Information shown:
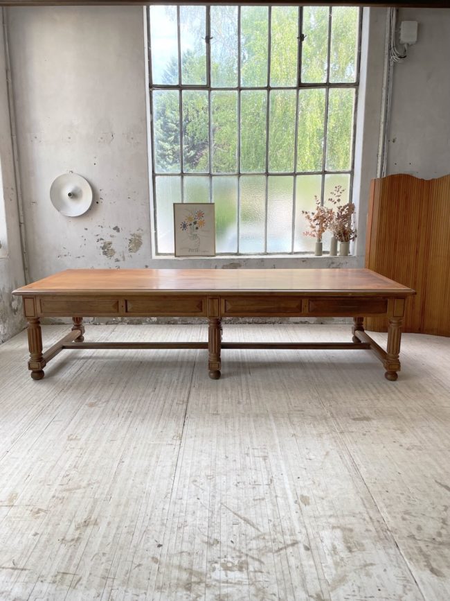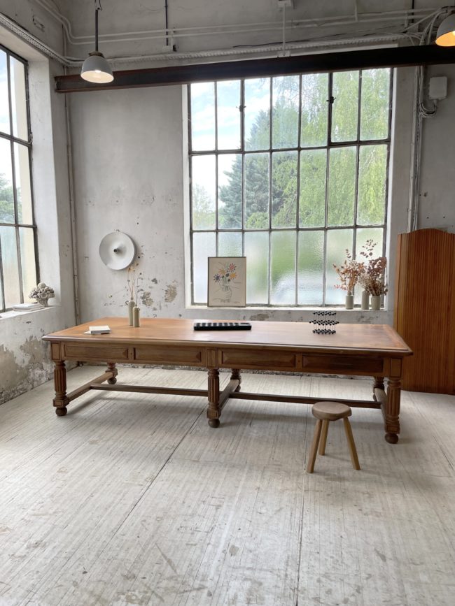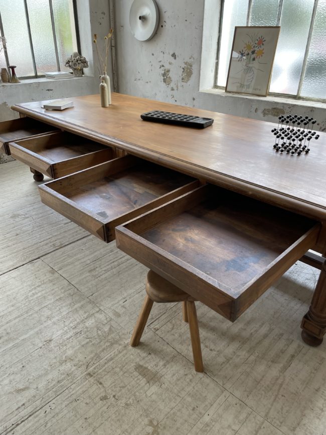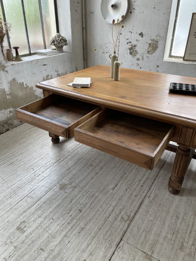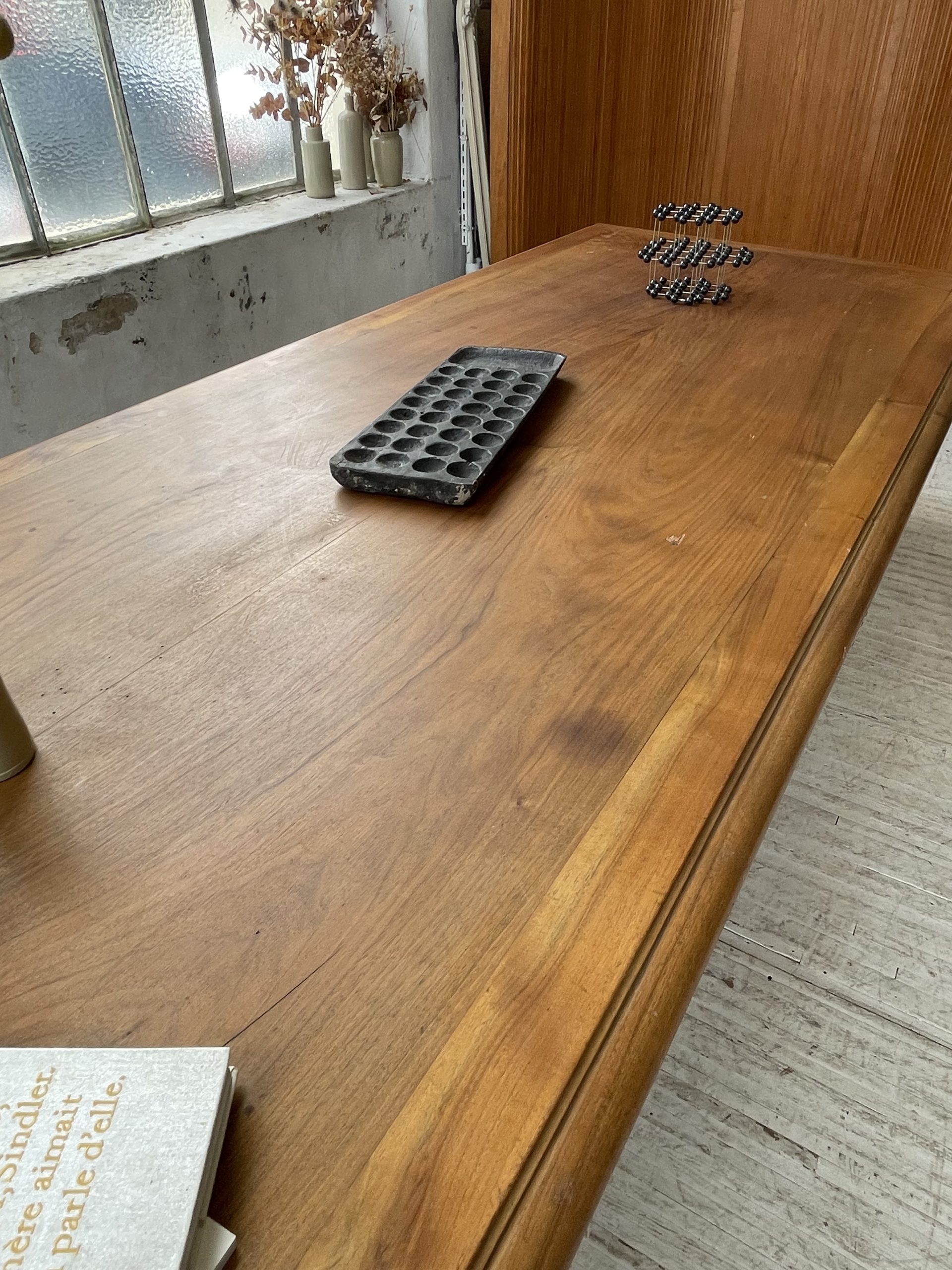 Son format XXL en fait toute sa singularité. Ses détails caractéristiques lui confèrent son charme et sa rareté. Entièrement noyer, cette table est d’une qualité exceptionnelle et peu courante.
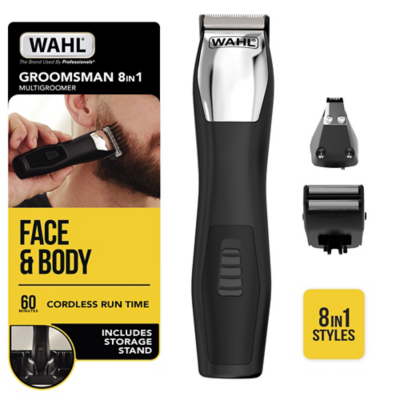 The Wahl Groomsman 8 in 1 Multigroomer is a sleek, rechargeable trimmer, with professional quality precision ground blades. Three interchangeable heads allow for beard and body grooming. With 60 minutes cordless run time delivering plenty of power for a full body groom. MULTIFUNCTIONAL Three interchangeable heads allow for precision beard trimming, close shaving, detail trimming as well as ear and nose hair removal. VERSATILE Four guide combs provide trimming lengths from 1.5mm - 12mm to create your desired look. For a closer cut, use without the combs to achieve an overall length of 0.5mm. Get a close shave of just 0.2mm using the mini foil shaver head.
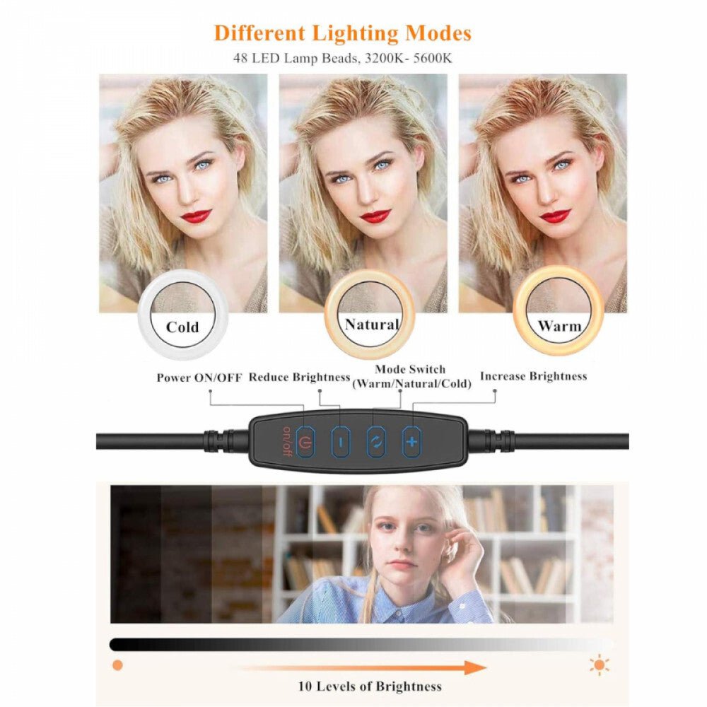 - Állítható fényerő és szín: A LED gyűrűs lámpának 3 világítási színe van, meleg, meleg fehér, és fehér. Minden világítási mód 10 különböző fényerővel rendelkezik. A színhőmérséklet 3200K (meleg) és 5600K (hideg) között állítható. Az élénk színek egyedi hangulatot teremthetnek, és megfelelnek az Ön különféle igényeinek.

What you will do: For the data above, return an exact copy that contains no pictures.

Task response:
 Son format XXL en fait toute sa singularité. Ses détails caractéristiques lui confèrent son charme et sa rareté. Entièrement noyer, cette table est d’une qualité exceptionnelle et peu courante.
 The Wahl Groomsman 8 in 1 Multigroomer is a sleek, rechargeable trimmer, with professional quality precision ground blades. Three interchangeable heads allow for beard and body grooming. With 60 minutes cordless run time delivering plenty of power for a full body groom. MULTIFUNCTIONAL Three interchangeable heads allow for precision beard trimming, close shaving, detail trimming as well as ear and nose hair removal. VERSATILE Four guide combs provide trimming lengths from 1.5mm - 12mm to create your desired look. For a closer cut, use without the combs to achieve an overall length of 0.5mm. Get a close shave of just 0.2mm using the mini foil shaver head.
 - Állítható fényerő és szín: A LED gyűrűs lámpának 3 világítási színe van, meleg, meleg fehér, és fehér. Minden világítási mód 10 különböző fényerővel rendelkezik. A színhőmérséklet 3200K (meleg) és 5600K (hideg) között állítható. Az élénk színek egyedi hangulatot teremthetnek, és megfelelnek az Ön különféle igényeinek.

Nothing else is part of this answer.